それを見てその事情を察したユウは、早々に話題を変える事にした。

「そういえば、鏡を盗って行ったカラスって、どんな奴です? もしかして、何か特別な力を持っていたりしますか?」


バウジフもすぐにそれに応じてくれる。

「いいや、少しばかり体が大きい以外は普通のカラスじゃ。ただ…」

「ただ?」

「…ただ、そのカラスは人の言葉がわかるのじゃ」


「わかるってどういう事ですか?」

再びルティナが口を挟む。

どうやら興味があるらしい。


バウジフはユウ越しにルティナの顔をちらと覗き見た。

「言葉の通り、我らの話す言葉を聞き、理解する事が出来る、と言う事じゃよ」


「と言う事は、返してくれ、と言えば通じるのではないのですか?」

言葉が通じるのなら、交渉はできる。

ルティナが言いたいのはそういう事だろう。


バウジフはゆっくりと(かぶり)を振った。

「我々は奴らに、鏡をとられた時を含め何度も呼びかけてはいるのじゃが、奴等に応じる気配はないのじゃ。聞こえていないのではない。明らかに分かっていて無視しているのじゃ。その点が厄介といえば厄介じゃろう。彼等にも何か理由があるやもしれんからの」


確かに、ただ光るものを集めていた訳ではなく、明確な意図を持って鏡を持って行ったのだとすれば、そう簡単に返してくれないかもしれないので、厄介は厄介だ。

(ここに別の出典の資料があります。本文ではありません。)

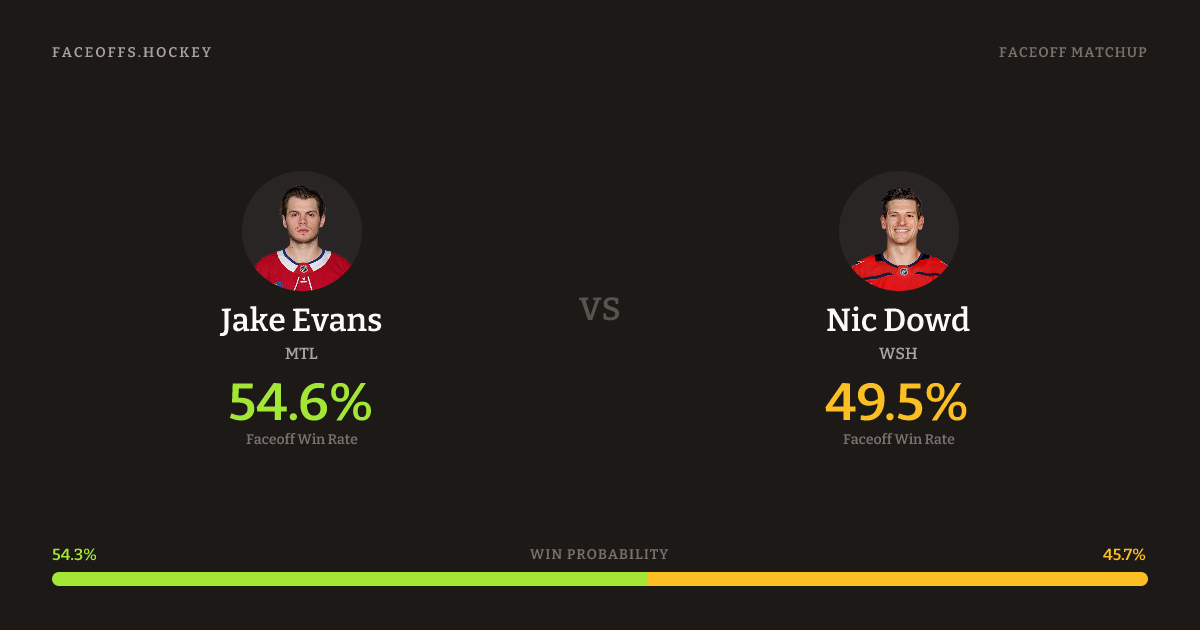 Jake Evans holds a +1.2% FO% edge overall. Look for Dowd on defensive-zone draws (75% H2H, 4 meetings). Evans wins 56.8% vs right-shot opponents — Dowd shoots right.

強引に取り返すにしろ、その抵抗は大きくなるに違いない。


とはいえ、今はそんな事を気にしてもどうしようもない。

どのみちここでは彼等の真意はわからないのだ。


気が付くと小人たちも食事を終え、ユウ達とは離れた場所から片づけを始めている。

明日は早く発つ事にしているため、ユウ達も早く寝た方がいい。


ユウ達はこの村の建物には入りきらない為、外に寝るしかないのだが、村人たちは村の敷地の端にある、この辺りの木の中では最も大きな木の根元に、干し草をひいて寝床を作ってくれている。

普通に野宿するよりは、寝心地ははるかに良さそうだ。


ユウは最後にバウジフに一つ頼み事をし、もう一度アーダの所へ寄ってから、フィノとルティナを伴い、その寝床へと向かった。